Incluso después de los 11 años de mandato de la neoliberal Thatcher, el peso del gasto público británico sobre la economía apenas si bajó cuatro puntos hasta situarse en el 40% cifra que su sucesor, también conservador, incrementó enseguida: los neoliberales, respecto al Estado, decían una cosa, pero practicaban otra. Por ejemplo, ni una sola de las privatizaciones de empresas impulsadas por los conservadores españoles favoreció la competencia y todas acabaron controladas por personas próximas al poder privatizador.

Después del ejemplo de la crisis financiera internacional donde, según el FMI, los bancos de ocho países recibieron en torno a 1.200 millones de dinero público en sus rescates, la pandemia fue otro ejemplo de la necesidad de un Estado para hacer frente a situaciones para las que ni el mercado, ni lo privado, están preparados.

Así, hemos vivido el Estado Leviatán (regulador, supervisor, sancionador), el Papá Estado de la igualdad de oportunidades y el cuidado asociado al Estado del Bienestar y ahora, se anuncia Mamá Estado: aquel que, sin renunciar a ninguna de estas dos funciones, incorpora la tarea de garantizar la seguridad estratégica de sus ciudadanos para lo que debe preparar, impulsar, incentivar, ayudar al emprendimiento, la competitividad y la sostenibilidad de su economía, de la mano del sector público cooperando con un sector privado que piensa en todos sus stakeholders y no solo en sus shareholders.

El debate se plantea en Europa a un doble nivel: qué cambios hacer si el nuevo nacionalismo económico lo definimos a escala europea (el Informe Letta y las propuestas de Draghi centran los términos actuales de la discusión, conscientes de que hace falta un salto adelante radical) y, en todo caso, la tarea de los Gobiernos nacionales es consensuar, internamente, la definición de sectores estratégicos y los mecanismos mediante los cuales, Mamá Estado debe garantizar su desarrollo y protección. Entre otros, con presencia accionarial o no, en empresas privadas de defensa, microprocesadores o comunicación en un nuevo enfoque de colaboración público-privada.

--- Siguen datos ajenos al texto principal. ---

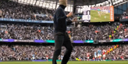 看到哈弗茨为阿森纳扳平比分之后,阿尔特塔高举双臂庆祝,瓜迪奥拉则抱头遗憾。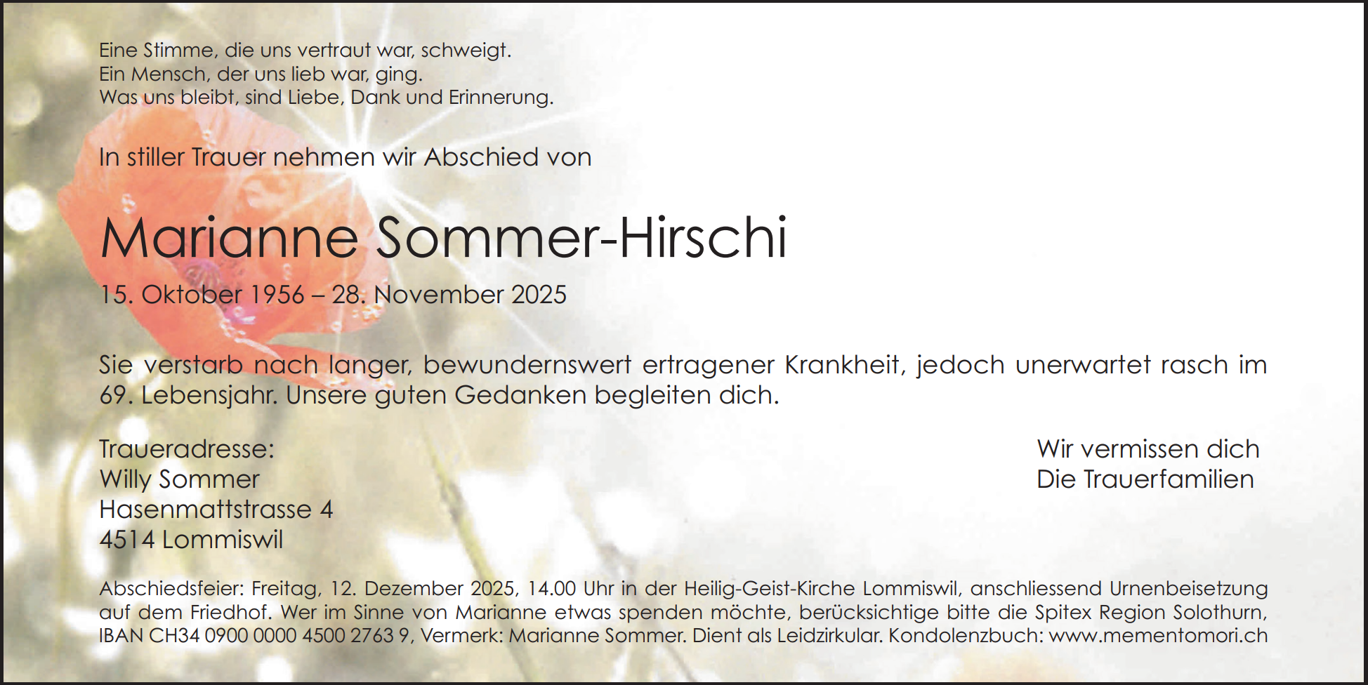 Herzliche Anteilnahme zum Tod von Marianne, möge sie ruhen in Frieden.
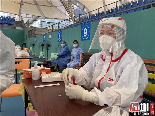 為提高轄區(qū)核酸檢測(cè)效率,羅湖區(qū)在羅湖區(qū)體育館搭建了臨時(shí)檢測(cè)點(diǎn),主要為轄區(qū)農(nóng)貿(mào)市場(chǎng)、商超、KTV等重點(diǎn)行業(yè)從業(yè)人群進(jìn)行核酸檢測(cè)。5月30日上午,記者來到羅湖區(qū)體育館網(wǎng)球館,只見一排的采樣作業(yè)臺(tái)有序排開,一米之外,是秩序井然的排隊(duì)人員。一張小小的采樣臺(tái),搭配兩名醫(yī)護(hù)人員,他們身穿防護(hù)服、頭戴防護(hù)罩,一名取集樣本、一名放置樣本,一個(gè)采樣流程下來不到兩分鐘,現(xiàn)場(chǎng)井然有序。烈日下,他們的汗水沿著防護(hù)罩流下來,厚重的防護(hù)服下,支撐他們的是堅(jiān)守一線的責(zé)任感和使命感。

Demasiadas cosas han cambiado como para analizarlas con esquemas periclitados del pasado. Porque también aquí, para articular políticas de país, la escalada de crispación en que, algunos, quieren situarnos, va contra los intereses de España. Porque quien, en su caso, debe proteger, incluso como accionista, a las empresas estratégicas, no es un Gobierno, sino el Estado. Democrático, por supuesto.